Ben hated the disloyalty of the thought. In thinking it, he was doing what he vowed he would never do: repeat the past. You’re following your effing prong, boy! had been his father’s words, intoned with variation only in the emotion that underscored them: from sadness to fury to derision to contempt. Santo had done much the same, and Ben didn’t want to think what lay behind his son’s proclivity for sexual dalliance or where such a proclivity might have taken him.

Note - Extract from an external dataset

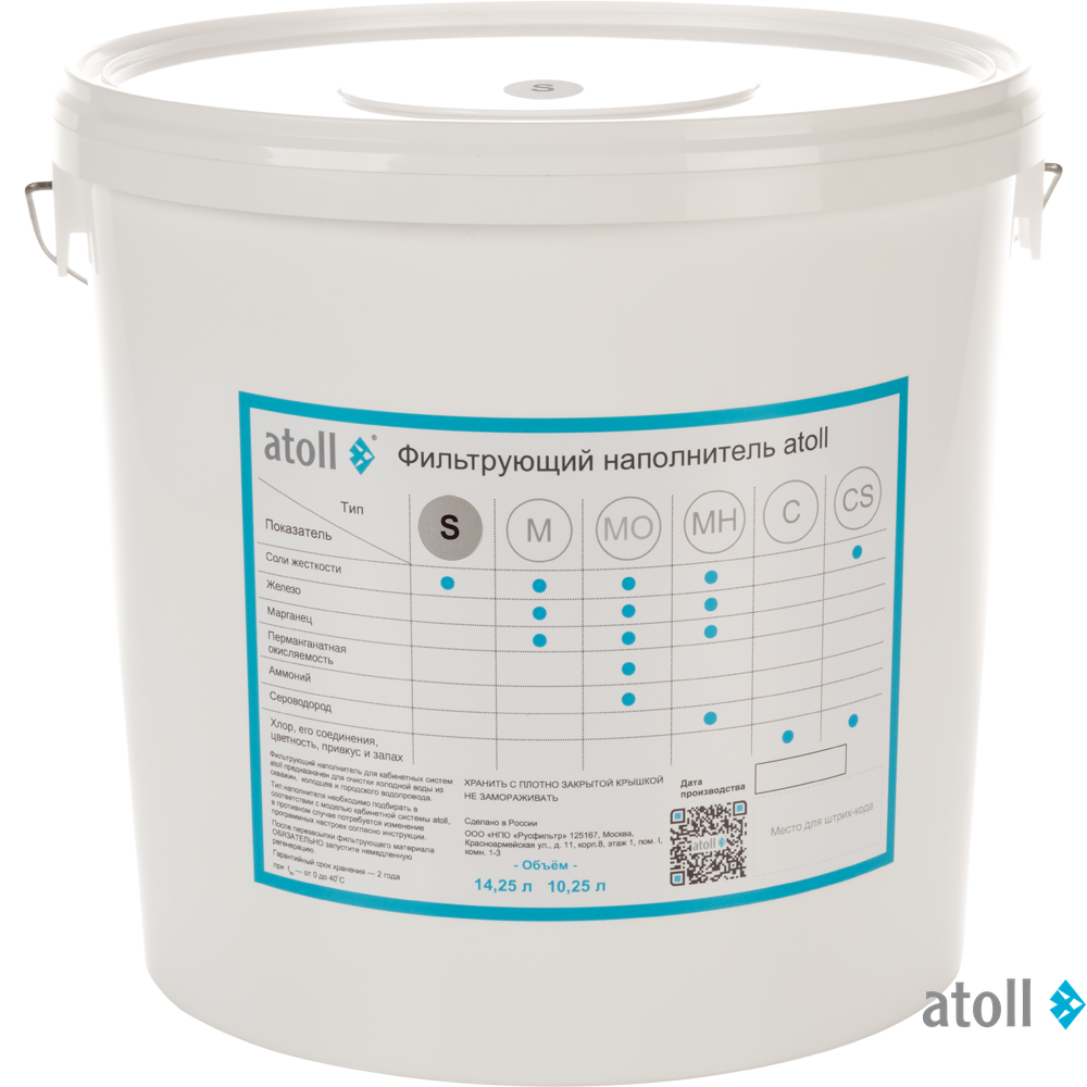Фильтрующий наполнитель atoll S предназначен для очистки воды из городского водопровода, скважины или колодца.

Before he could avoid any longer, he picked up the phone on his desk. He punched in the numbers. He had little doubt his father would still be up and about the ramshackle house. Like Ben, Eddie Kerne was an insomniac. He’d be awake for hours yet, doing whatever it was one did at night when committed to a green lifestyle, as his father long had been. Eddie Kerne and his family had had electricity only if he could produce it from the wind or from water; they had water only if he could divert it from a stream or bring it up in a well. They had heat when solar panels produced it, they grew or raised what they needed for their food, and their house had been a derelict farm building, bought for a bargain and rescued from destruction by Eddie Kerne and his sons: granite stone by granite stone, whitewashed, roofed, and windowed so inexpertly that the winter wind hissed through the spaces between the frames and the walls.